## TASK OBJECTIVE
Please return the full listing exactly as written, with the images removed.

## DATA BELOW

★ ★ ★ ★

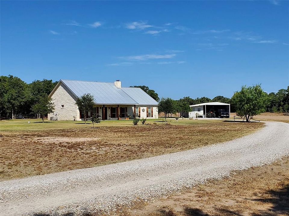 Folks, if you are wanting to move to the country,and you are looking for the right place to call home,look no further, because you have just found it!This ranchette is small enough to take care of,yet big enough to have lots of elbow rm!This home is a very nice, well kept (1943 sf under roof, with 1493 sf living area,per CAD)Austin Stone home.It has a nice open concept with living, dining, and kitchen, and high ceilings throughout home.There are 3 lrg bdrms, and 2 nice baths.The living rm has a nice wood burning fp. As you go outside, there is a large porch on front and back of home!! Other improvements include a nice small workshop, plus a shed. There is also a water well, along with county water to home.
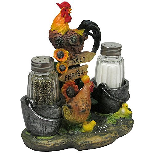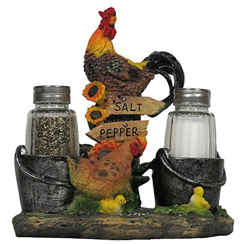 With their cute little chicks in tow, a mother hen helps make her rounds around the milk pails whilst a protective rooster stands guard. This finely detailed figurine features a pair of glass salt and pepper shakers nestled in classic stainless steel look milk pails and finished with sunflowers and rustic faux wood signs pointing to the spices. A vintage storybook picture of farm residing that will carry a bit of country design and sunshine to your kitchen décor! 3 piece set contains a single salt & pepper shaker holder and two glass s & p shakers.
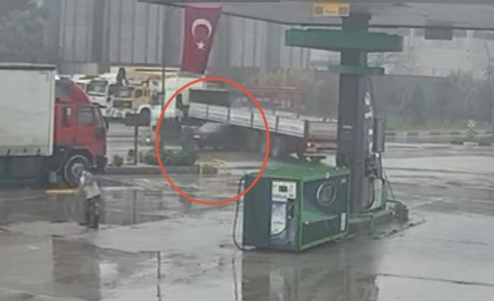 Öte yandan, kaza anı akaryakıt istasyonunun güvenlik kameraları tarafından anbean kaydedildi. Görüntülerde tırın manevra yaptığı sırada otomobilin duramayarak dorsenin altına girdiği görülüyor.

★ ★ ★ ★

## TASK OUTPUT
 Folks, if you are wanting to move to the country,and you are looking for the right place to call home,look no further, because you have just found it!This ranchette is small enough to take care of,yet big enough to have lots of elbow rm!This home is a very nice, well kept (1943 sf under roof, with 1493 sf living area,per CAD)Austin Stone home.It has a nice open concept with living, dining, and kitchen, and high ceilings throughout home.There are 3 lrg bdrms, and 2 nice baths.The living rm has a nice wood burning fp. As you go outside, there is a large porch on front and back of home!! Other improvements include a nice small workshop, plus a shed. There is also a water well, along with county water to home.
 With their cute little chicks in tow, a mother hen helps make her rounds around the milk pails whilst a protective rooster stands guard. This finely detailed figurine features a pair of glass salt and pepper shakers nestled in classic stainless steel look milk pails and finished with sunflowers and rustic faux wood signs pointing to the spices. A vintage storybook picture of farm residing that will carry a bit of country design and sunshine to your kitchen décor! 3 piece set contains a single salt & pepper shaker holder and two glass s & p shakers.
 Öte yandan, kaza anı akaryakıt istasyonunun güvenlik kameraları tarafından anbean kaydedildi. Görüntülerde tırın manevra yaptığı sırada otomobilin duramayarak dorsenin altına girdiği görülüyor.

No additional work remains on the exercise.